Line by line, restate the material word for word, omitting any image.

Material supplied:
:::

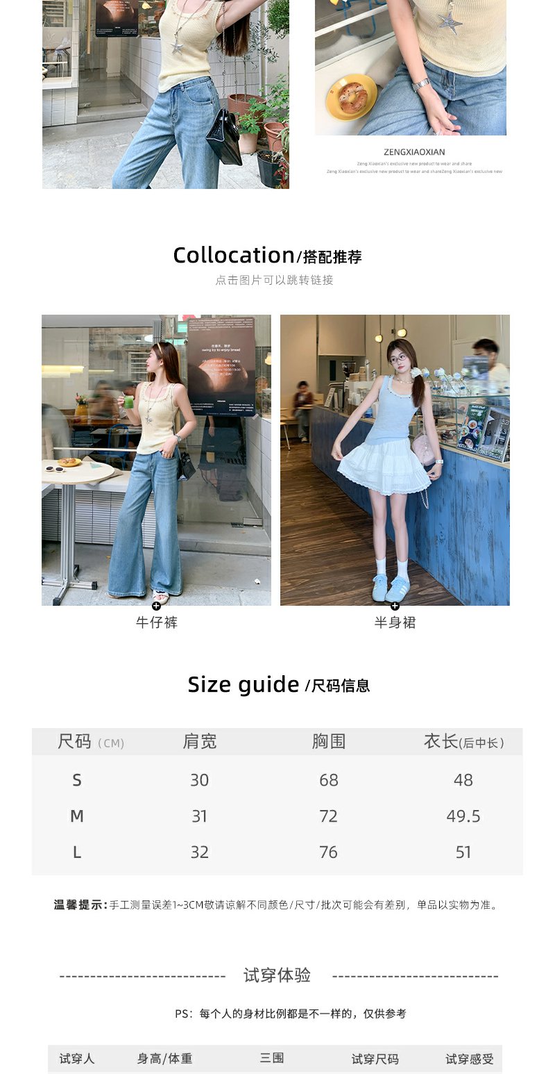 【110元任选2件】最后一波现货!钉珠U领针织背心
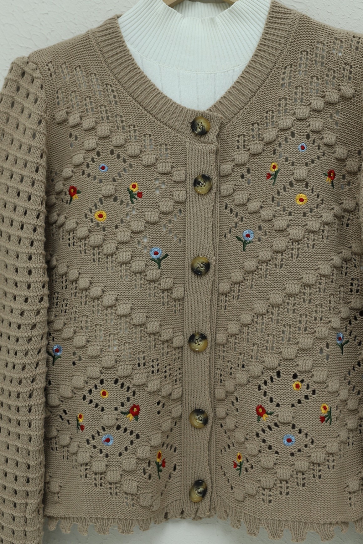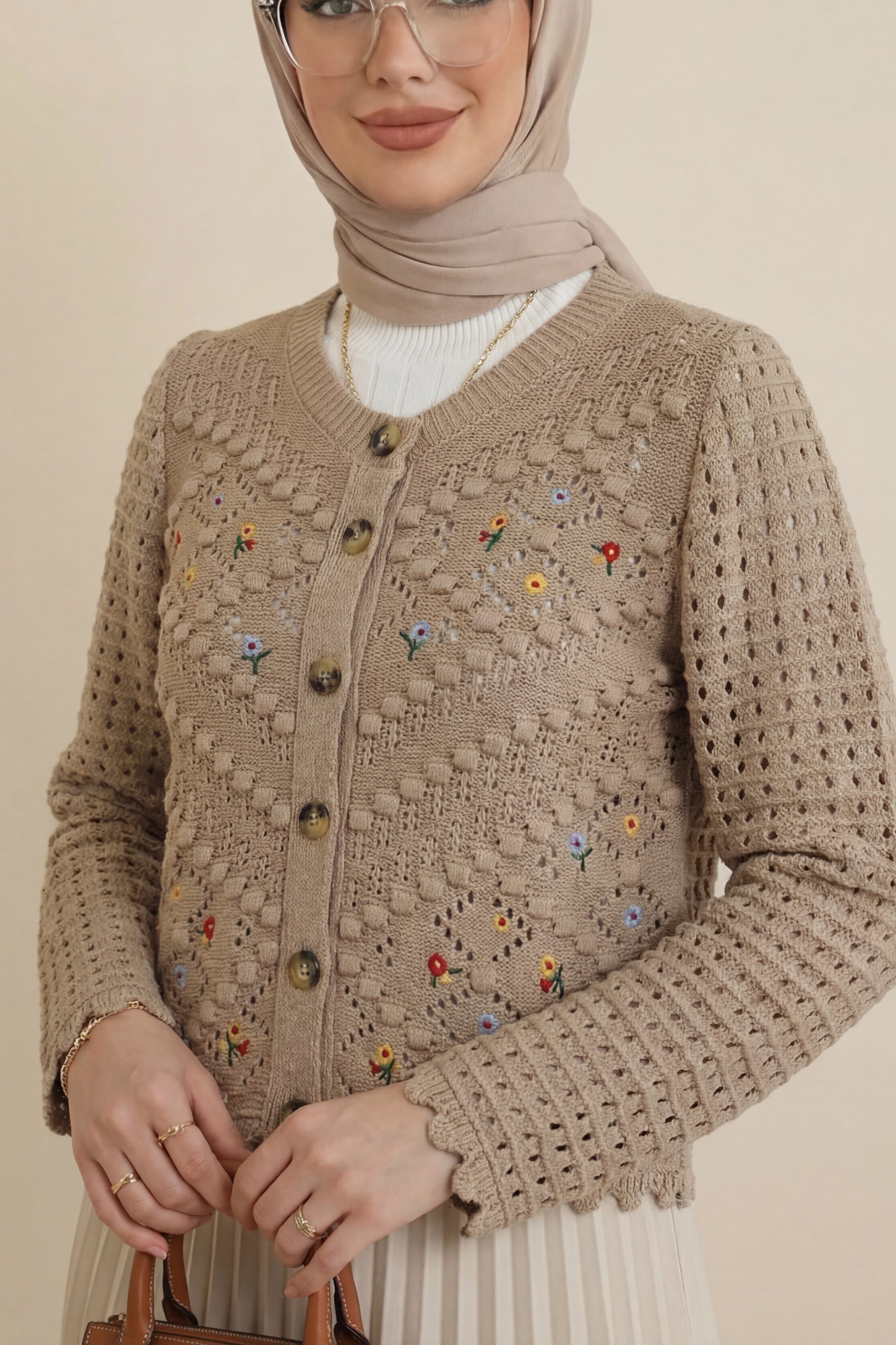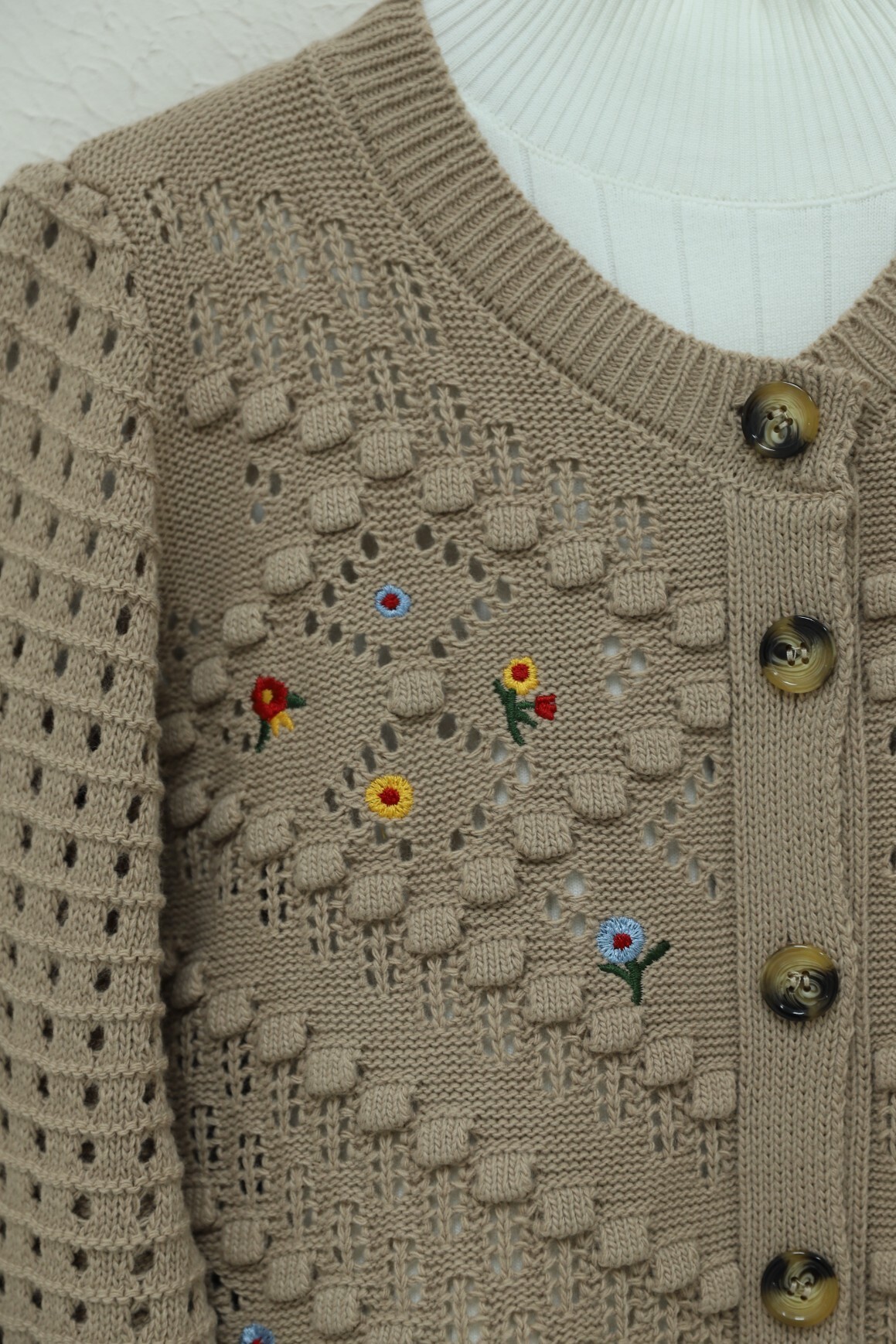 Floral Embroidered Pompom Openwork Knitted Cardigan -Mink color
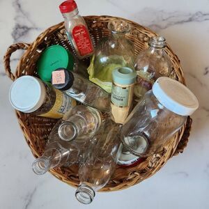 Woven wicker round basket handles various clear glass bottles vintage spice pine
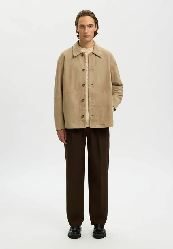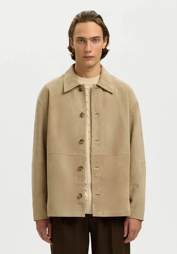 Кожаная куртка wildleder Selected, White Pepper
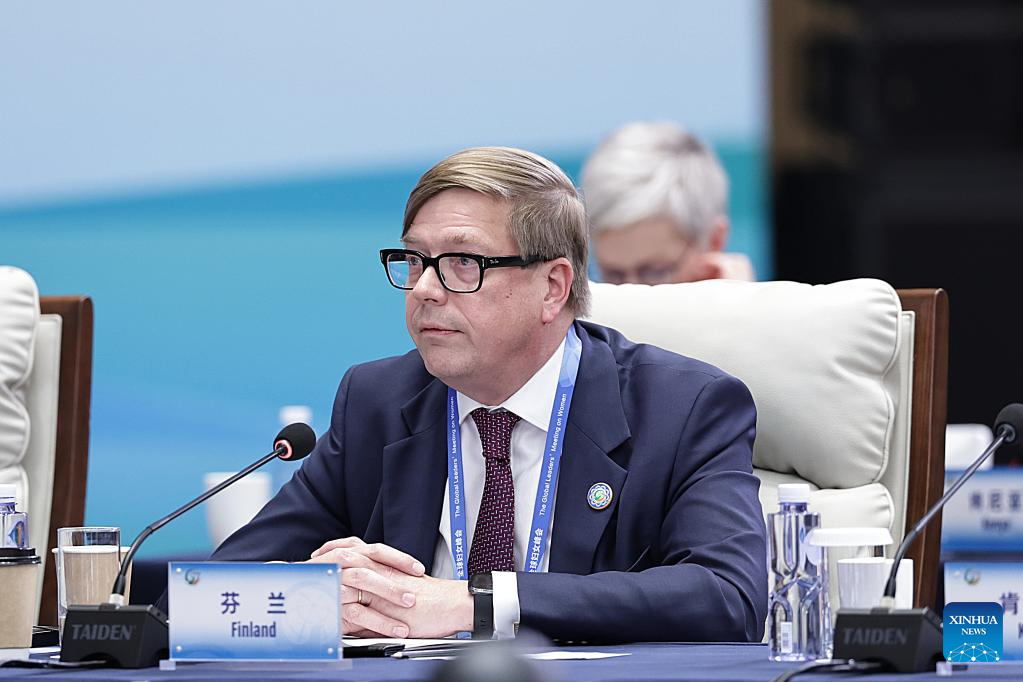 A representative from Finland attends the plenary meeting of the Global Leaders' Meeting on Women in Beijing, capital of China, Oct. 13, 2025. (Xinhua/Zhang Yuwei)

:::

Answer box:
 【110元任选2件】最后一波现货!钉珠U领针织背心
 Floral Embroidered Pompom Openwork Knitted Cardigan -Mink color
 Woven wicker round basket handles various clear glass bottles vintage spice pine
 Кожаная куртка wildleder Selected, White Pepper
 A representative from Finland attends the plenary meeting of the Global Leaders' Meeting on Women in Beijing, capital of China, Oct. 13, 2025. (Xinhua/Zhang Yuwei)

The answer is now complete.